▶ **Task requirements**: I need the number of lines in the following entries that hold the word "Style", and no other text.

▶ **Data extract**:
++++++

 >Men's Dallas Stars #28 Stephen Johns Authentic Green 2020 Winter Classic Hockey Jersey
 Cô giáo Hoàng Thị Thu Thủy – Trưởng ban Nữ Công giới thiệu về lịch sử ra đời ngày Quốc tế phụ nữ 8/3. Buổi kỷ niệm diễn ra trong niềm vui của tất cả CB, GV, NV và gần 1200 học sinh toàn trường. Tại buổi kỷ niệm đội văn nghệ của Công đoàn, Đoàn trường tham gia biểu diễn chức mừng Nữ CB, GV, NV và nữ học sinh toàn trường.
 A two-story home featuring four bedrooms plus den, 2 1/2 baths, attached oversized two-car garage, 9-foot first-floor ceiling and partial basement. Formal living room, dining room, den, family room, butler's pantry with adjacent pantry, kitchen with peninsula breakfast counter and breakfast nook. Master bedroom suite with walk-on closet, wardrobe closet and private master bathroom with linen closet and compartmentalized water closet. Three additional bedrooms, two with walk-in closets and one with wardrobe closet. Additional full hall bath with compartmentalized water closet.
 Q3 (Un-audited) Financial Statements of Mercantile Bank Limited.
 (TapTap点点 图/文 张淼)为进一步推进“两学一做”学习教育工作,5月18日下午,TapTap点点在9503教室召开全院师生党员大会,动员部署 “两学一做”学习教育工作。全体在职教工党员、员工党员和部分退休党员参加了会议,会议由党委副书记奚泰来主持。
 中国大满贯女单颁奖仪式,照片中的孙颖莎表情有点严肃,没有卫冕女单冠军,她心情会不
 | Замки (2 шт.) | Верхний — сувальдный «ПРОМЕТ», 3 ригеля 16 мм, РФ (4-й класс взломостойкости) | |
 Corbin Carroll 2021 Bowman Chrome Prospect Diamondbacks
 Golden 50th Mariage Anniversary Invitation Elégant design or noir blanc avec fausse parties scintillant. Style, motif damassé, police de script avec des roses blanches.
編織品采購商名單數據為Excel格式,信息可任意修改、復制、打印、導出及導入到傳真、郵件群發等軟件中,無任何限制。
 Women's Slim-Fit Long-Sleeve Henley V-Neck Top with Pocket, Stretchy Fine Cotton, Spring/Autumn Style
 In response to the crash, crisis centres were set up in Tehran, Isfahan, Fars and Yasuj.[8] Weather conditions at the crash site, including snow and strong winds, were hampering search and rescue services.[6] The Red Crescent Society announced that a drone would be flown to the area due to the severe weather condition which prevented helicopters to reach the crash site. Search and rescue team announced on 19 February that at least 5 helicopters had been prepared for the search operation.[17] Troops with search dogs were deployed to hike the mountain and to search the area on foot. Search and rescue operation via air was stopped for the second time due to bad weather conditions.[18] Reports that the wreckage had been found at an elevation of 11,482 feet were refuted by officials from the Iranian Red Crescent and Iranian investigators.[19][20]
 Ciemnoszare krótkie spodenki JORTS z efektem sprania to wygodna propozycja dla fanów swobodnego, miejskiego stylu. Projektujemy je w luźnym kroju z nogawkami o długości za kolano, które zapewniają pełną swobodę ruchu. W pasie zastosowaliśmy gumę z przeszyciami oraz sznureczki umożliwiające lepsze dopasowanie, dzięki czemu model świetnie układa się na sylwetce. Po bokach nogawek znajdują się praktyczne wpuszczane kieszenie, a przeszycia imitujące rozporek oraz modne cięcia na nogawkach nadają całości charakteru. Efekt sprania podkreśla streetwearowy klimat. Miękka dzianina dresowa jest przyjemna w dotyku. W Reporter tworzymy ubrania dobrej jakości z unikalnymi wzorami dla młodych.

++++++

▶ **The answer**: 2